National Labor Relations Board

union-rat.jpgThe placement of a large, inflatable rat balloon at an employer’s facility, a sight familiar to many urban dwellers, was upheld in a recent 3-1 decision by the National Labor Relations Board, which found that a union that had stationed the rat near a hospital in Florida to protest work being performed by a non-union construction contractor at the facility did not violate the federal law against secondary boycotts in labor disputes.  Sheet Metal Workers International Association, Local 15 (Galencare, Inc. d/b/a Brandon Regional Medical Center), 356 N.L.R.B. No. 162 (2011).  (PDF)  But the war against this pesky vermin is far from over.  The decision—which could still be appealed to the U.S. Court of Appeals—is fact-specific and leaves open alternative avenues to challenge the rat.

There are several types of secondary boycotts that are prohibited under Section 8(b)(4) of the National Labor Relations Act, varying as to both the means and ends of the union’s conduct.  The type of boycott challenged in this case involved coercing or threatening any neutral or secondary person—employees, employers, customers or members of the general public—for the purpose of forcing or pressuring them to cease doing business with the primary employer, that is the employer with whom a union has a dispute. Applying a standard articulated in a decision (PDF) last year involving large union banners at the site of a labor dispute, the Board concluded that stationing the rat placed near the entrance to the hospital was not “confrontational” and therefore did not coerce or threaten anyone.  Because the Board concluded the rat was neither threatening nor coercive, it concluded that the rat did not violate Section 8(b)(4).

The majority opinion, however, overlooks the extent to which the very purpose of the rat is to be confrontational.  The whole point of placing a 16-foot tall, 12-foot wide rat in front of an employer’s workplace point is to ratchet up the pressure in a labor dispute with a symbol that is by its very nature large, confrontational and threatening.  Otherwise, the union would stick to handbills and banners.  In addition, evidence has been introduced in other cases from witnesses who have testified that the common understanding of the rat is that it is an equally confrontational substitute for traditional group picketing, which is prohibited against a secondary such as the hospital in this case, a way to accomplish the same objectives with fewer bodies.  However, as the dissenting Board member recognized, the rat creates an “invisible picket line.”  Indeed, the Board’s General Counsel, during the Bush Administration, pointed to an episode of The Sopranos as evidence that, in our culture, a rat at a worksite meant that there was a labor dispute.

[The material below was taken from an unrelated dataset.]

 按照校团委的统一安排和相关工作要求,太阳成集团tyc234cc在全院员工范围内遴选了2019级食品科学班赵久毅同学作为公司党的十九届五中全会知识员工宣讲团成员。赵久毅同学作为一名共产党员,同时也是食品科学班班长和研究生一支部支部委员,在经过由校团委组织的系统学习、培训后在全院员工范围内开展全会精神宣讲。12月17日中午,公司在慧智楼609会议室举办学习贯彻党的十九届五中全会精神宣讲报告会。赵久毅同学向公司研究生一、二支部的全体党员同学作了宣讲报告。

Regardless of the outcome of this particular decision—which, even if not appealed, could certainly be revisited in the future with a different outcome under a different presidential administration—there remain several alternative ways to challenge the rat.  The majority decision did not approve the use of the rat in all circumstances.  Indeed, the decision several times stated that it found no coercion based on the size, location or features of the rat in this particular case, clarifying that “[i]t may be that the size of a symbolic display combined with its location and threatening or frightening features could render it coercive within the meaning of” the Act.

Further, there are other secondary boycott provisions that have been successfully employed in the past to MAKE the rat evidence of an unlawful object, that were not present in the recent case.  For example, picketing that involves inducing or encouraging neutral employees not employed by the primary employer to stop working as a means of pressuring their neutral employer to cease doing business with the primary employer is unlawful. This is called “signal picketing.”  This type of challenge is particularly apt when the rat is placed at a common worksite where more than one group of union employees are working or must enter the facility.  There are countless examples of neutral union employees refusing to go to work or make deliveries when the rat appears, because for many unions and their members, the rat means just one thing:  do not cross this picket line. 

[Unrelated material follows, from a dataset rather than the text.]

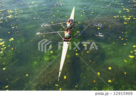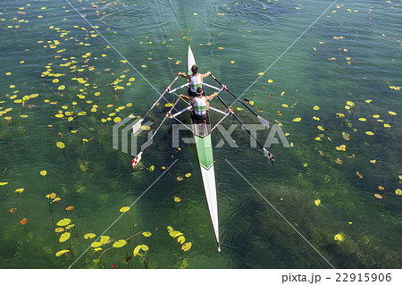 Two scull rowing competitor, rowing race two rower

Prior to the recent decision, employers had experienced some success in knocking out the rat. (Labor Law and the Inflatable Rat). (PDF)  Despite this recent setback, employers should not assume that they are stuck with the rodent if it appears in front of their place of business, but should instead remain vigilant, recording the facts and circumstances of the situation and consulting with counsel when the rat rears its ugly head.